WORK INSTRUCTIONS – Only the lines below from the one that holds "EVM 16GB DDR4" through the one that holds "折り畳みチェアなど、道具を広げることなく腰掛けられます。" should appear in the answer, copied exactly, end lines included and pictures omitted.

[AVAILABLE RECORDS Boundary: Start]

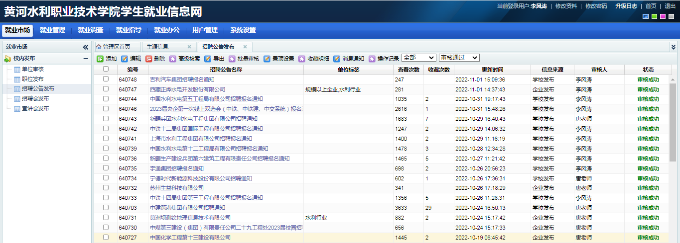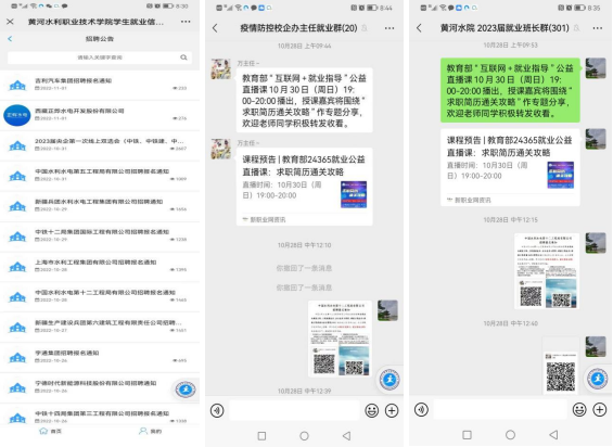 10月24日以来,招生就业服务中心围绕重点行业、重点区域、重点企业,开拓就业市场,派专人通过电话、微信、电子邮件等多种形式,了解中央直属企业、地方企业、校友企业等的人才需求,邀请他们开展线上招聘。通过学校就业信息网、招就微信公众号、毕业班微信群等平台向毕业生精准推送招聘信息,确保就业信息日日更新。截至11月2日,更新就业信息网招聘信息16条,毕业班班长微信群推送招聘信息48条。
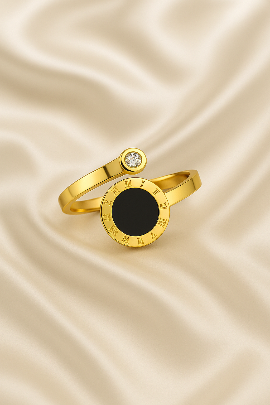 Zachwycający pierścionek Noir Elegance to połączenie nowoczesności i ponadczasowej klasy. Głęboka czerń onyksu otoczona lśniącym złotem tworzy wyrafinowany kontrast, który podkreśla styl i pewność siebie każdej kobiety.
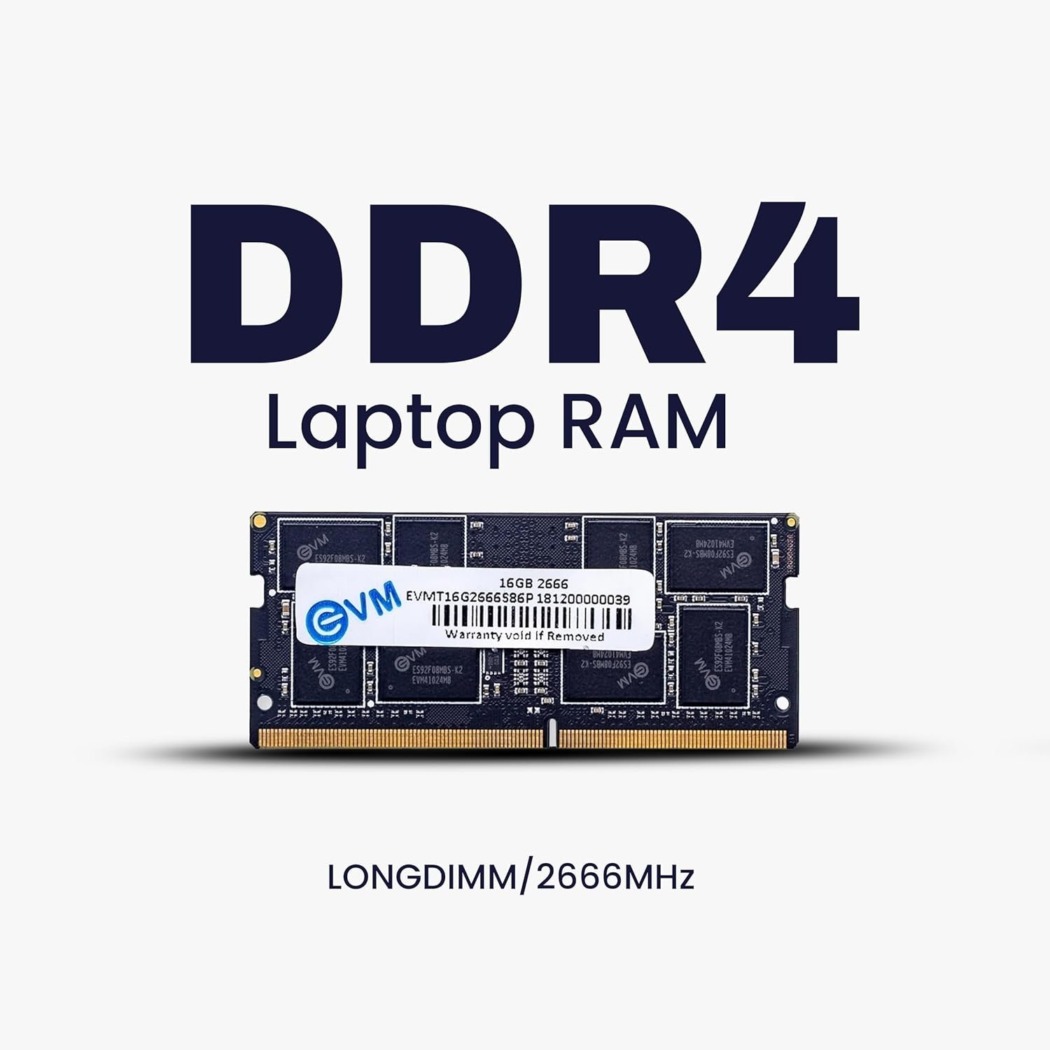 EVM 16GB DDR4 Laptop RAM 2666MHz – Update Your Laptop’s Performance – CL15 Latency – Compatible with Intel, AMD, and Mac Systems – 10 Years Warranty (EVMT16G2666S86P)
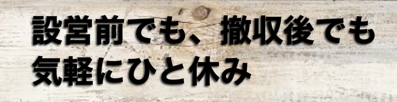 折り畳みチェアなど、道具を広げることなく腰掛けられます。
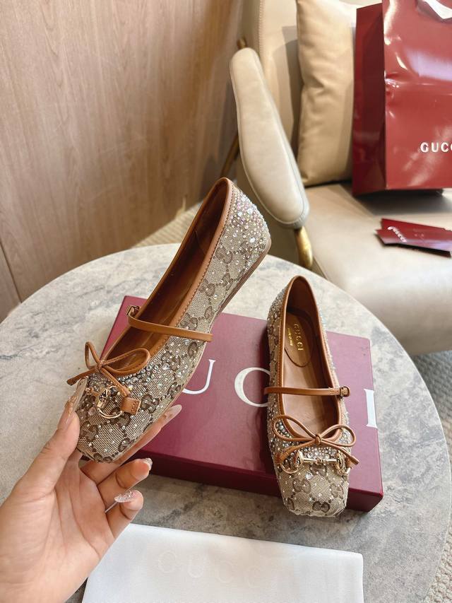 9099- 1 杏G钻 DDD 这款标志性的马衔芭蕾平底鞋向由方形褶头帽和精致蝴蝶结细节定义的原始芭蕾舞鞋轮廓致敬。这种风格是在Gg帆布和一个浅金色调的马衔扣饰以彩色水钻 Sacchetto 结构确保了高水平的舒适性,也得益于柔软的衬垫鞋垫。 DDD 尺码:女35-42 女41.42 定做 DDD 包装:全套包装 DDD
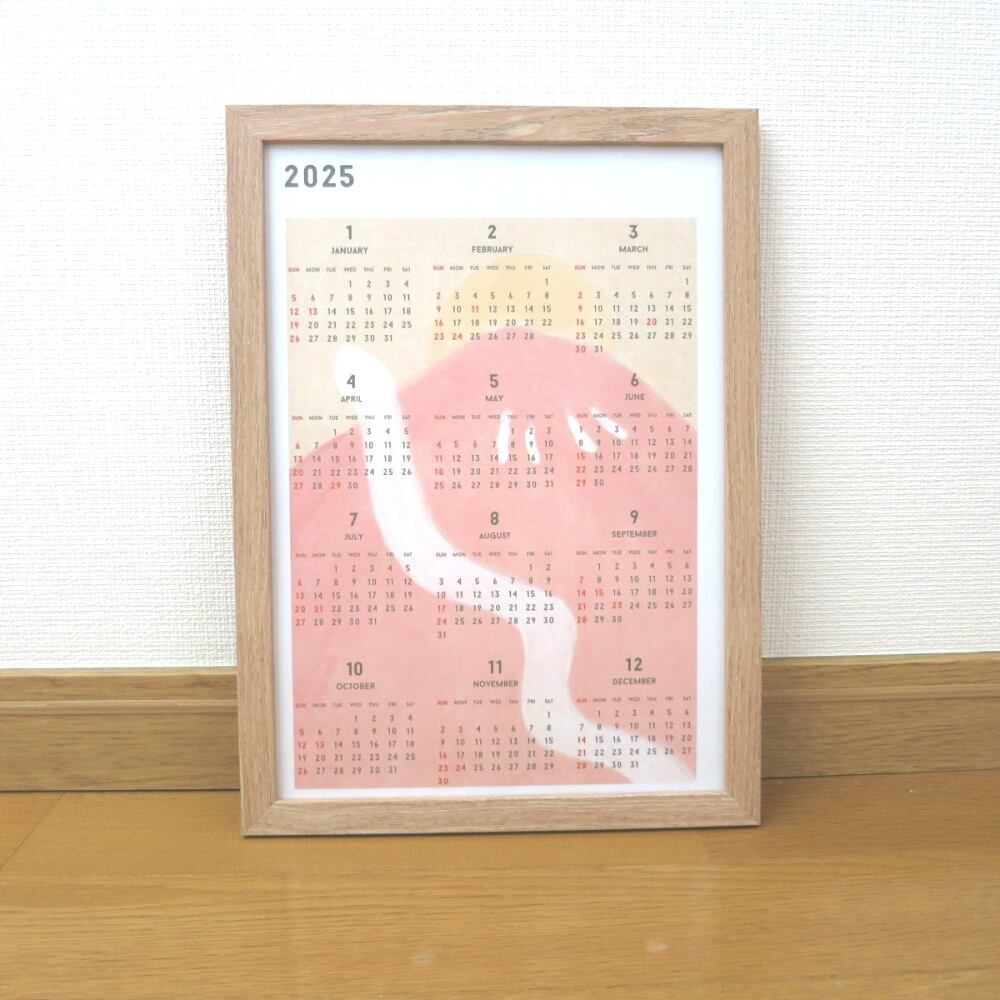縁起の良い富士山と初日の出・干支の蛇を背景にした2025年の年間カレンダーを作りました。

[AVAILABLE RECORDS Boundary: End]

WRITTEN RESPONSE –
 EVM 16GB DDR4 Laptop RAM 2666MHz – Update Your Laptop’s Performance – CL15 Latency – Compatible with Intel, AMD, and Mac Systems – 10 Years Warranty (EVMT16G2666S86P)
 折り畳みチェアなど、道具を広げることなく腰掛けられます。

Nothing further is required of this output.